NORMAL HEMATOPOIESIS

U2af1 is required for survival and function of hematopoietic stem/progenitor cells

Abstract

U2AF1 is involved in the recognition of the 3′ splice site during pre-mRNA splicing. Mutations in U2AF1 are frequently observed in myelodysplastic syndromes. However, the role of wild-type U2AF1 in normal hematopoiesis has remained elusive. Using a novel conditional U2af1 knockout allele, we have found that deletion of U2af1 results in profound defects in hematopoiesis characterized by pancytopenia, ablation of hematopoietic stem/progenitor cells (HSPC) leading to bone marrow failure and early lethality in mice. U2af1 deletion impairs HSPC function and repopulation capacity. U2af1 deletion also causes increased DNA damage and reduced survival in hematopoietic progenitors.

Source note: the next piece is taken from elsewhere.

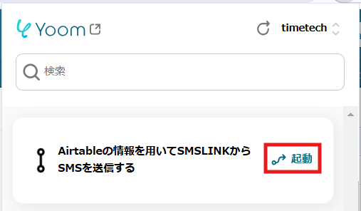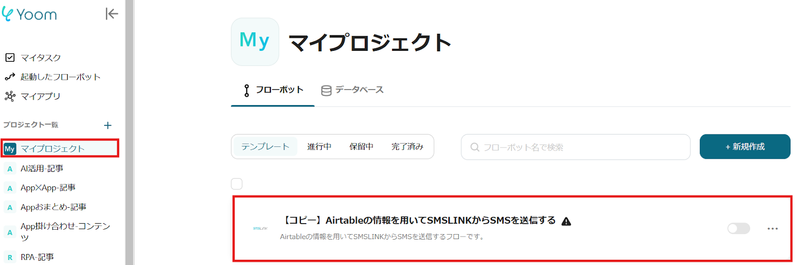 1.Yoom管理画面の「マイプロジェクト」を選択し、「【コピー】Airtableの情報を用いてSMSLINKからSMSを送信する」をクリックします。
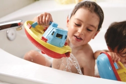The boat has an eye-catching red-yellow-blue design and is perfect for water play, making it an ideal accessory for children's bath time.

RNA sequencing analysis reveals significant alterations in the expression of genes related to HSC maintenance, cell proliferation, and DNA damage response-related pathways in U2af1-deficient HSPC. U2af1 deficiency also induces splicing alterations in genes important for HSPC function. This includes altered splicing and perturbed expression of Nfya and Pbx1 transcription factors in U2af1-deficient HSPC. Collectively, these results suggest an important role for U2af1 in the maintenance and function of HSPC in normal hematopoiesis. A better understanding of the normal function of U2AF1 in hematopoiesis is important for development of appropriate therapeutic approaches for U2AF1 mutant induced hematologic malignancies.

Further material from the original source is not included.